Loob’s story didn’t end with retirement and neither did his success. Färjestad promoted him to GM and in his first two seasons in the role he was rewarded with two championships. In his eleven years as the GM for his team, he would reach the finals eight times and take home four championships. The Färjestad organization rewarded his success by promoting him to team president in 2008.
Though returning to Sweden was something Håkan Loob could not resist, he never turned his back on his second family, the Calgary Flames. He continued to follow the team and keep in touch with close friends such as Joe Nieuwendyk.
Related - I will never forget the night last season, when Pat Steinberg was on Overtime talking about the Flames struggles as being a playoff bubble team. The fans were angry and frustrated that it was always the feeling of one step forwards was followed with two steps back whenever they approached the 8th seed spot. It was poetic when Pat returned to the phone lines, only to have Håkan Loob on the other end of the call. He had been talking to Craig Conroy while Conny was scouting in Sweden and had learned of the state of the fans faithfulness. He took it upon himself to call and let everyone know that he believed in the team.
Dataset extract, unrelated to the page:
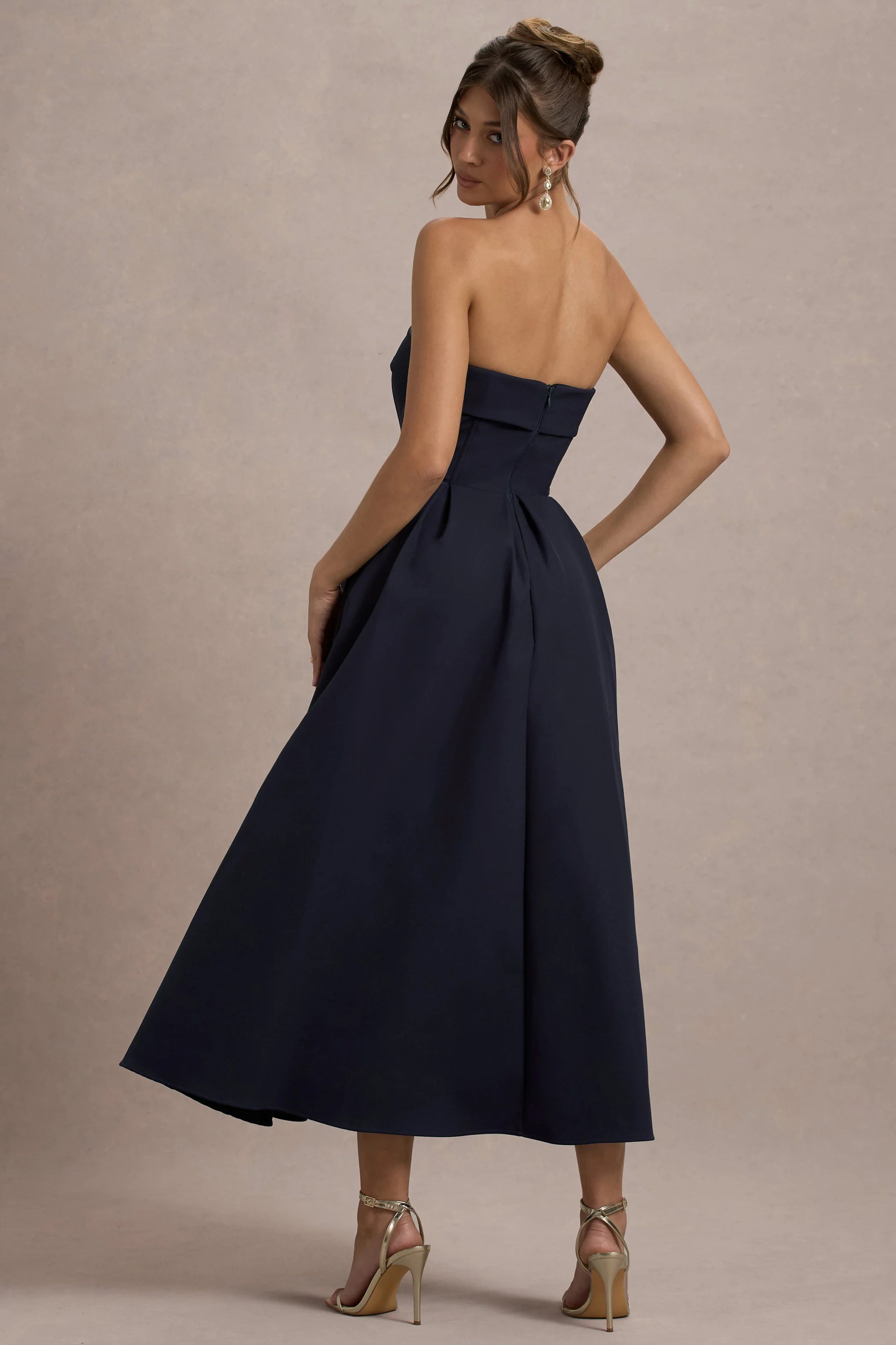 You name the occasion, we have the perfect dress. Crafted in a rich navy shade of our premium stretch crepe, Annalise effortlessly compliments every skin tone. Beautifully flowing with a cinched in waist, this midi dress boasts a pleated skirt that creates an elegant sense of movement. For a timeless race day look, try styling yours with some simple gold earrings and strappy stilettos.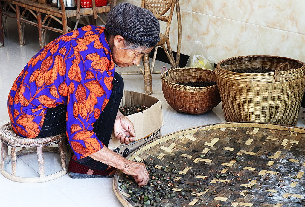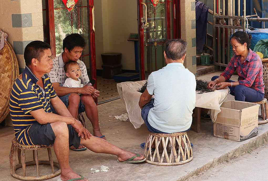 식사를 마치고 고차수 차밭을 둘러보러 집을 나섰다. 집 앞에 삼삼오오 모여 황편을 골라내고 있는데 이 동네 남자들은 하나같이 앉아서 구경만 하고 있다. 힘쓰는 일은 남자가 하고 차분히 앉아서 하는 섬세한 일은 여자가 하는 일인지 모르겠으나, 재미난 광경이다. 뒤에 노반장 가기 전 반분 마을의 초제소 작업장에 들렀을 때는 남자도 황편을 골라내고 있었다. 아마도 그곳은 회사여서 그랬겠지.

By the end of the story it didn’t matter if it was the Flames that took a chance on Loob, or if Loob took a chance on the Flames. Both parties were the better for the relationship. It may be wild speculation on my part, but it might just have been the success the Flames had in gambling on a late round pick that led them to take the chance 3 years after Loob, when they drafted Sergei Makarov. Whether it was only getting Loob at the beginning of his career or Makarov at the end, both players left us wondering “what if”.. What if we had had both of these players for the majority of their careers? It would have been something special to see them both on the same team, the magic they might have created, especially when you throw Kent Nilsson into the mix.
He may not have had an extended career in Calgary, but he was one that made the most of the time he did have here. Just like it was only a matter of time before Loob had to choose between the NHL and his family, it will only be a matter of time before the Flames organization will have to decide whether or not to honour Loob as “Forever A Flame”. Personally I think it’s a no brainer...but for now we honour him as the 7th best draft pick in Flames history.